Jane swallowed them dry and then gulped down some tea.

“You think of everything,” she said.

“Not everything.”

“Really? What didn’t you think of?”

He looked at her for a moment and then away. He rose to his feet, went over to the window, and opened the blinds.

Night had fallen. In the light of the street lamps he could see snow coming down.

He turned back. “I didn’t think to check Sam’s climbing equipment before her trip.”

Jane froze.

For a moment they just looked at each other. Then Jane said, “That’s stupid. You know that’s stupid.”

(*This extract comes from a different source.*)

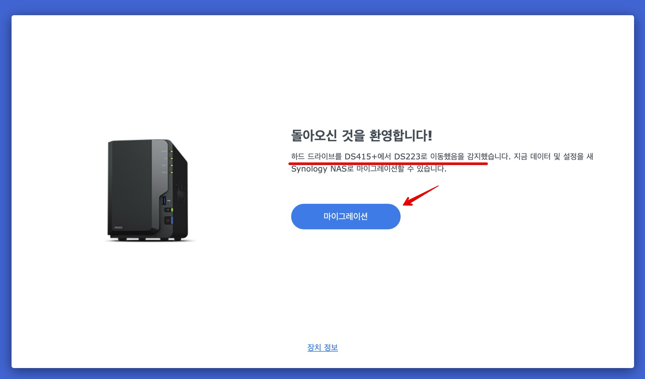 하드 드라이브 DS415+에서 DS223으로 이동 감지. 정확하다. `마이그레이션` 클릭.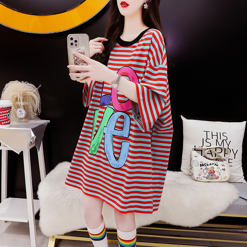 国境を越えた縞模様のtシャツの女性2024夏の中の長いデザイン感のアルファベットの丸首の高級感の半袖tシャツの女性の卸売り

“No more stupid than you thinking you killed your sister because you didn’t make her stay in New York to meet some guy who thought he was in love with her. Or because you felt jealous of her once in a while.”

Jane started to tremble, and he had to resist the urge to go over and put his arms around her.

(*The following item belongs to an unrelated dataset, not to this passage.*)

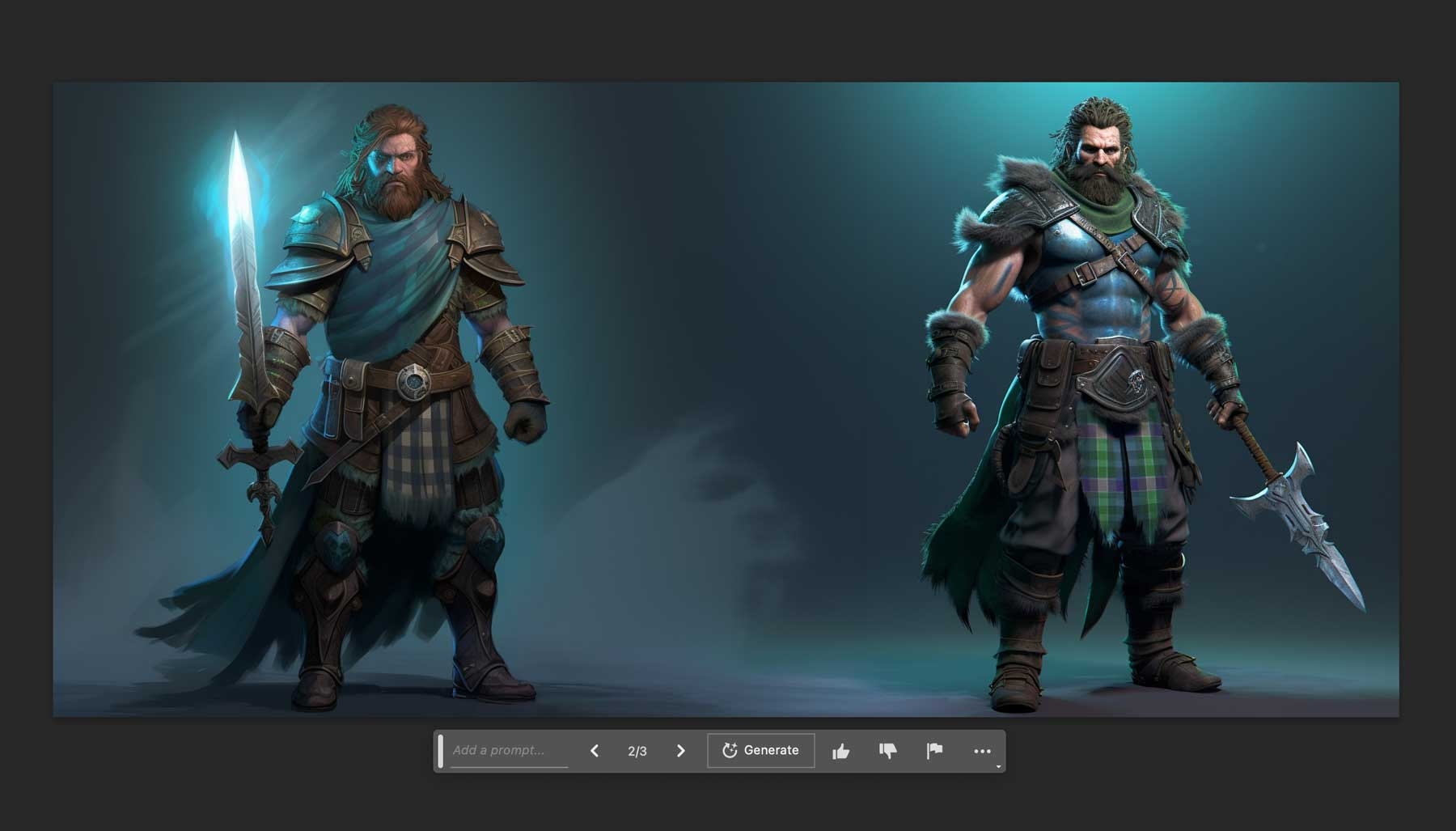 Kombinování fotografií je další skvělý způsob, jak využít funkci generativní výplně Photoshop AI. Ukážeme vám příklad se dvěma obrázky postav z videoher vytvořenými v Midjourney. Začneme vytvořením prázdného plátna o rozměrech 1800 x 1024 pixelů. Poté importujeme první obrázek na vaše plátno kliknutím na tlačítko importovat na kontextovém panelu úloh.

“Get out,” she said, and her voice was shaking, too.

“As soon as you eat something and go to bed, I will.”

“You can’t blackmail me into . . .”

“Into what? Taking care of yourself? I’m doing it right now. You want me gone? Eat something and go to bed. That’s what it’ll take.” He paused. “I’ve actually got better things to do than be here, you know. I’m going to Australia in two days.”

Her head jerked up like someone had given her an uppercut to the jaw.

“Australia? You’re going to Australia?”

He nodded. “So as soon as you eat some goddamn toast, I’ll be out of your hair.”

She’d stopped trembling, except for the slightest quiver in her lower lip. Almost as though his awareness made her aware of it, too, she pressed her lips together in a firm line, stilling that tiny movement.

“Fine by me,” she said.

Then she picked up a piece of toast and started to eat.